Everything on the sea deserves to be called ‘living’
even the ship rent apart wants to be called a carrier of Life
a memento of honorable beginnings—
when its white sail was first sampled plain to the sniff of the storm—
A vessel of honor. & an honor to the sea
Here the storm first came unnoticed,
roaming around in the light regalia of a breeze
spying up on our bodies, our belongings & the porosity
of our faith
it was only the sky that presented itself truthful:
We saw it. All of us.
A dark country of air
partitioned into crooked shreds by lightning
so vibrant with electricity we thought
It was going to come down on us and our children
& It did come. Although not all of it.
But Everything on living water deserves to be called Living, right?
Yet a man is hoisted in-between the teeth of the waves
& they don’t hear him gasping. The people don’t see him clinging
to a slat of fractured wood –
a fractured hope— like a fleeting inheritance

By the first light of a gracious dawn, he’s washed onto the shore
a bloated mess,
like a lump of food rejected by the stomach of a god; a sea god
& What is rejected by a god suddenly becomes a specter to the world—
The people mount him and make a pumping machine out of his chest
in search of some spill of rebellious water. Or some resurrected gasp.
Still,
the sea has had too much of us than it gave out to the shore.
too much of our hopes than we left our families back at home.
Here the ghosts of our children tread unabashedly
like young Jesuses on the waters // but no disciples to wonder
& their mothers have made pacts with the gods earthed here
because the sea, they say, had long cried for motherhood
the storm’s lips wrinkled and dry // from absence of the moisture
of breastmilk
because everything Living at all // deserves to be hungry and be fed
We know of a young father
who goes with his young daughter
to the seashore each night
His stories are of lullabies—
beckoning the serene attentiveness of the waters—
& his daughter listens with her ears,
molding sandcastles in the void of his laps.
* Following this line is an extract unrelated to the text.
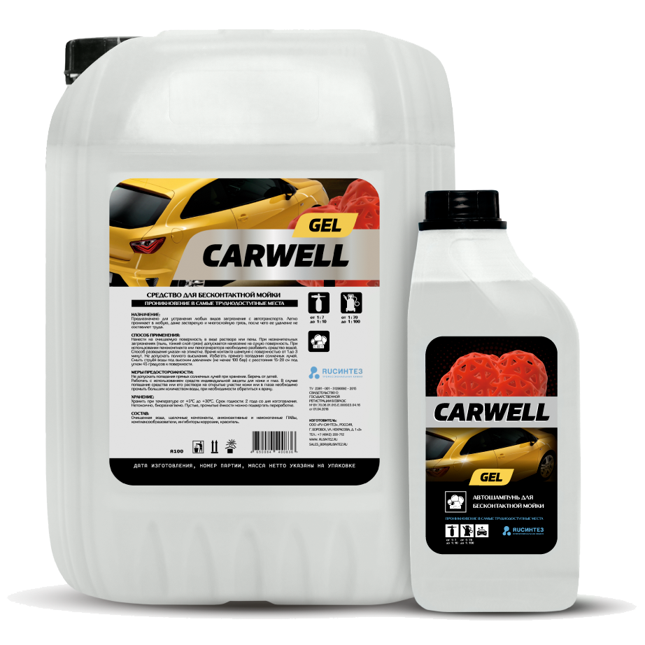 Шампунь для бесконтактной мойки Carwell Gel является эффективным помощником в борьбе с застарелой грязью.
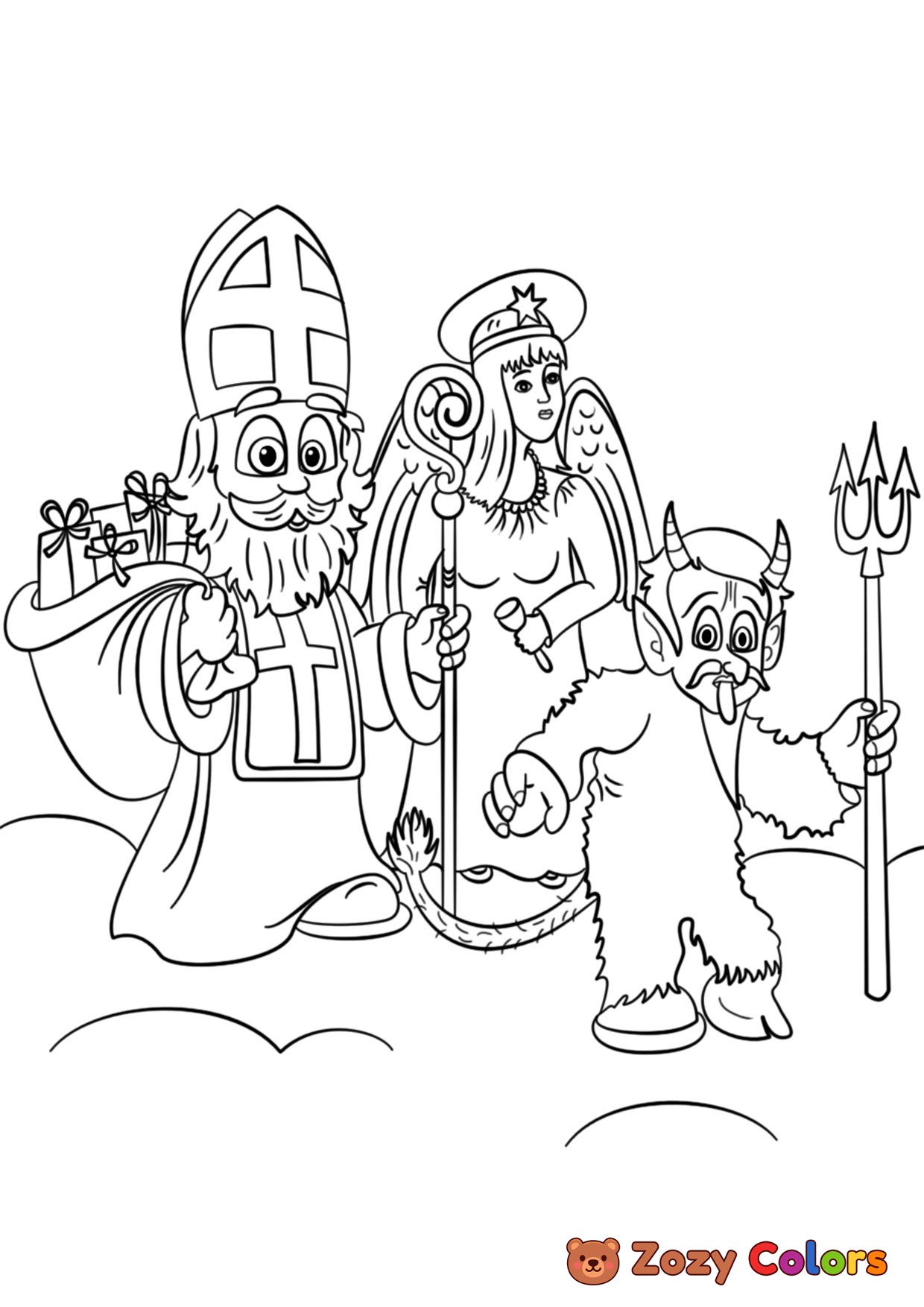 Saint Nicholas with helpers. Coloring page to print or download and color for your kids.

Tonight she says,
her voice the most tender in the orchestra of the night,
Daddy please let’s go, it’s too cold in the night of the living.
About the author

Omodero David Oghenekaro is a Seventeen-year-old Nigerian writer and has an undying love for Poetry. He’s currently an undergraduate student of Biomedical Technology at the University of Portharcourt. Works have appeared or are forthcoming with Pride magazine, Nantygreens, Agbowo art, Palette Poetry and elsewhere. Phone number is 07056009378. He tweets Omodero DavidOghenekaro.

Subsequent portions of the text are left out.